* DATA EXCERPTS:
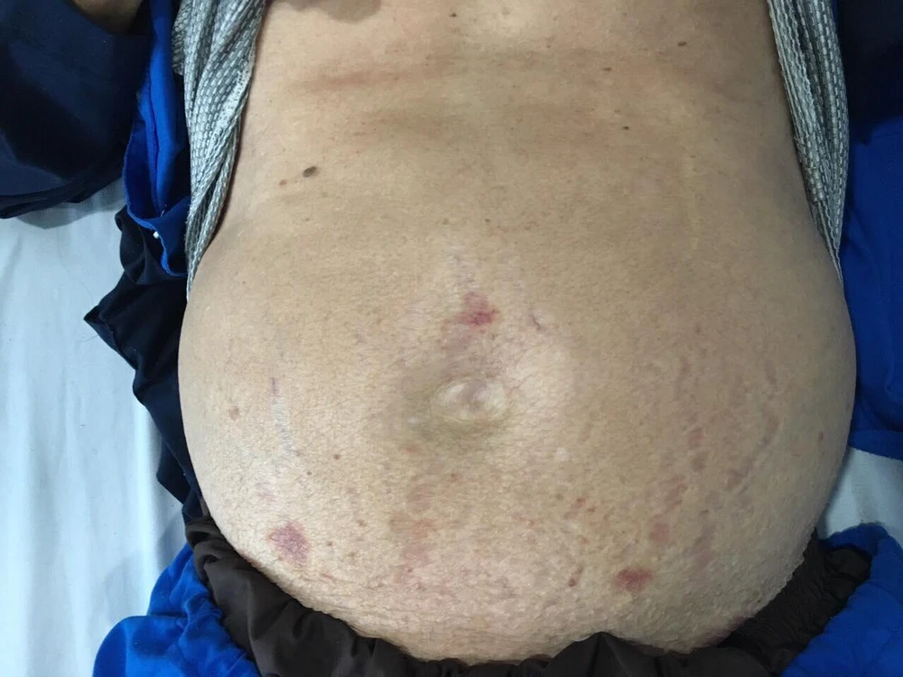 Bụng ông B. trướng to lúc nhập viện. Ảnh: BSCC
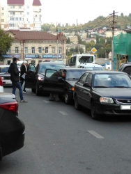 В результате аварии на данном участке скопились автомобили, движение затруднено. Автомобилисты вынуждены объезжать столкнувшиеся автомобили по второй полосе дороги.
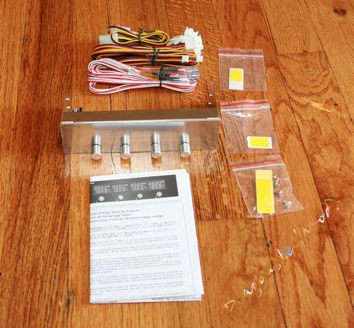 Upon opening the box, one is greeted by a soft foam protector box which holds the KazeMaster, four temperature probe cables, four fan connector cables, a molex power connector, screws, adhesives, instructions and a fan molex adapter.
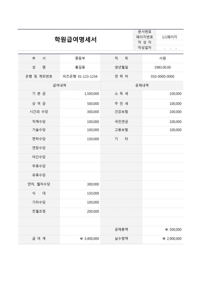 기본 급여명세서(작성방법 포함)
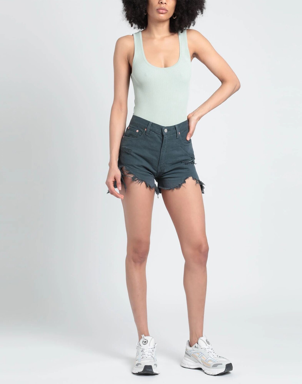 Джинсовая ткань, логотип бренда, двухцветная ткань, цветная расцветка, множество карманов, шорты
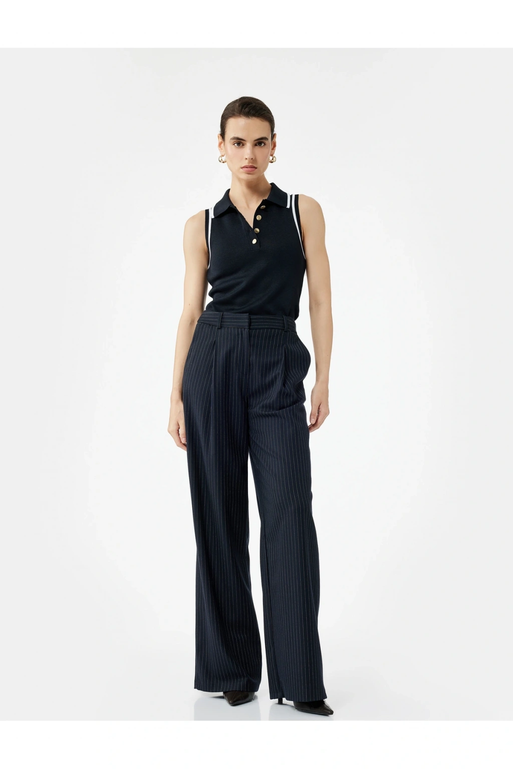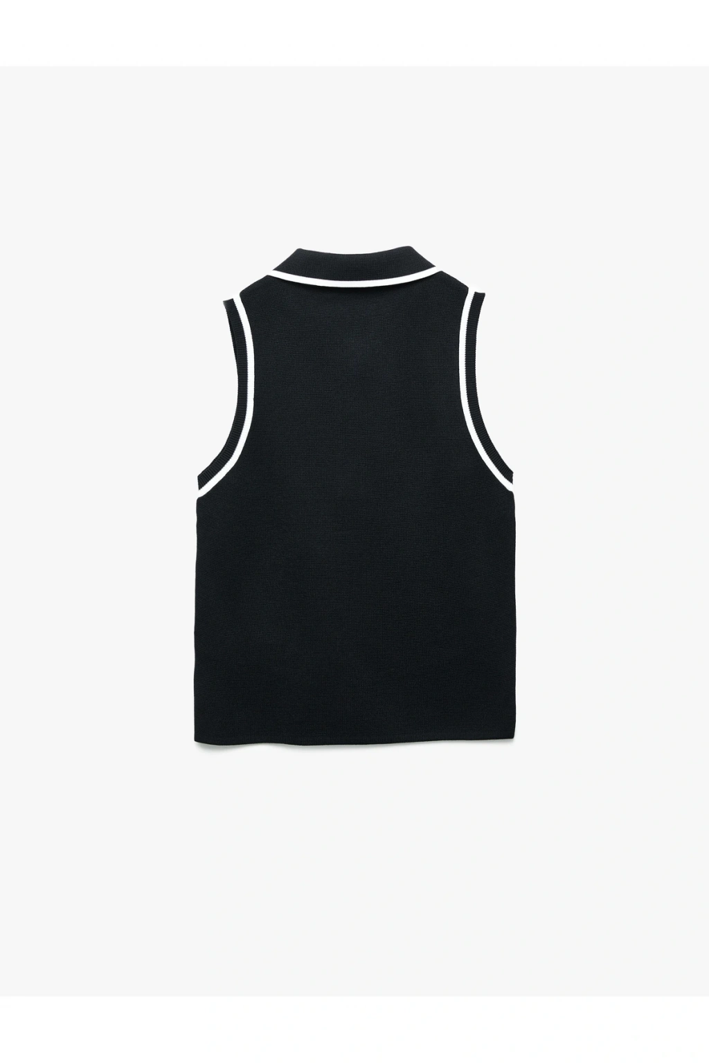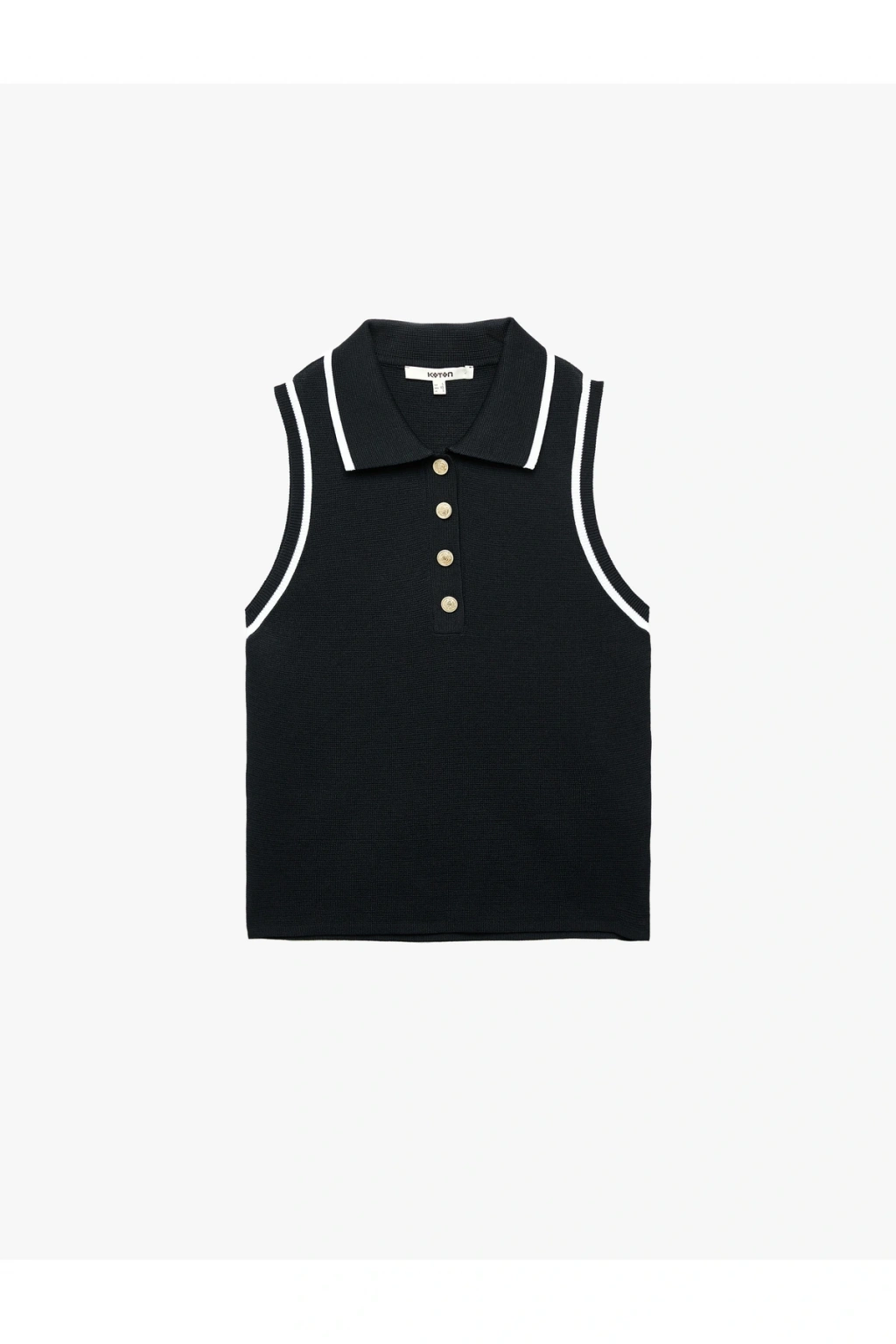 Regular Fit Düğmeli Kolsuz Polo Yaka Triko Bluz
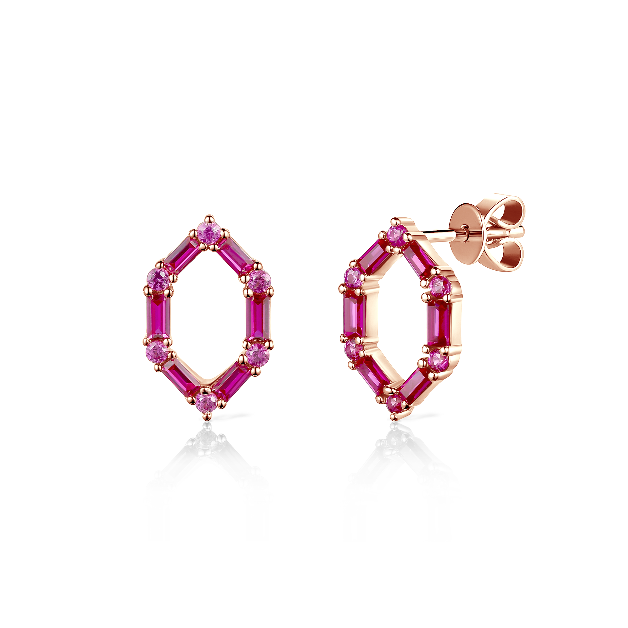 Kolczyki wykonane ze srebra (pr.925) pozłacane różowym złotem. W kolczykach zostały osadzone 24 cyrkonie w kolorze czerwonym.
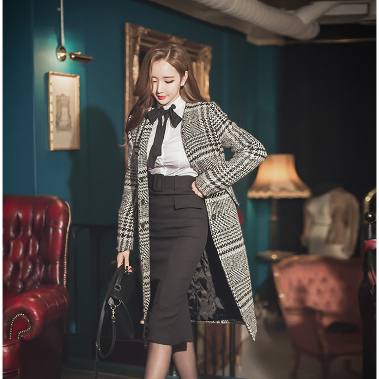 Korean fashion woolen winter new long-sleeved Slim long belt temperament wool coat
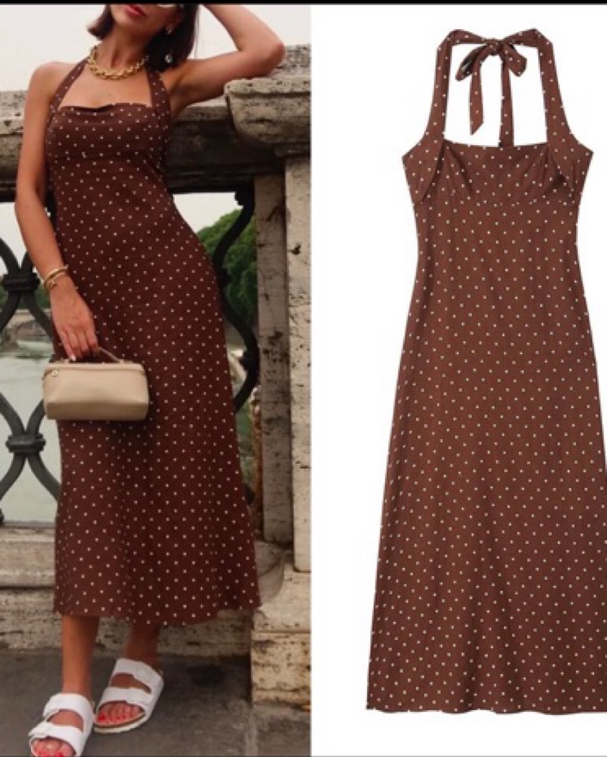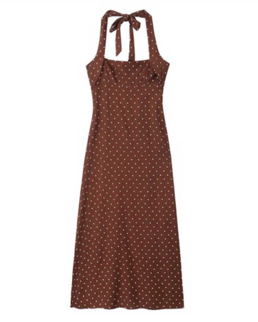 Brown Polka Dot Halter Midi Dress by Zara - Pickle

* TASK DETAILS: Retype the records above exactly, starting at the line that contains "Джинсовая ткань, логотип" and going through the last line, and leave out any pictures.

* SOLUTION TO THIS EXERCISE:
 Джинсовая ткань, логотип бренда, двухцветная ткань, цветная расцветка, множество карманов, шорты
 Regular Fit Düğmeli Kolsuz Polo Yaka Triko Bluz
 Kolczyki wykonane ze srebra (pr.925) pozłacane różowym złotem. W kolczykach zostały osadzone 24 cyrkonie w kolorze czerwonym.
 Korean fashion woolen winter new long-sleeved Slim long belt temperament wool coat
 Brown Polka Dot Halter Midi Dress by Zara - Pickle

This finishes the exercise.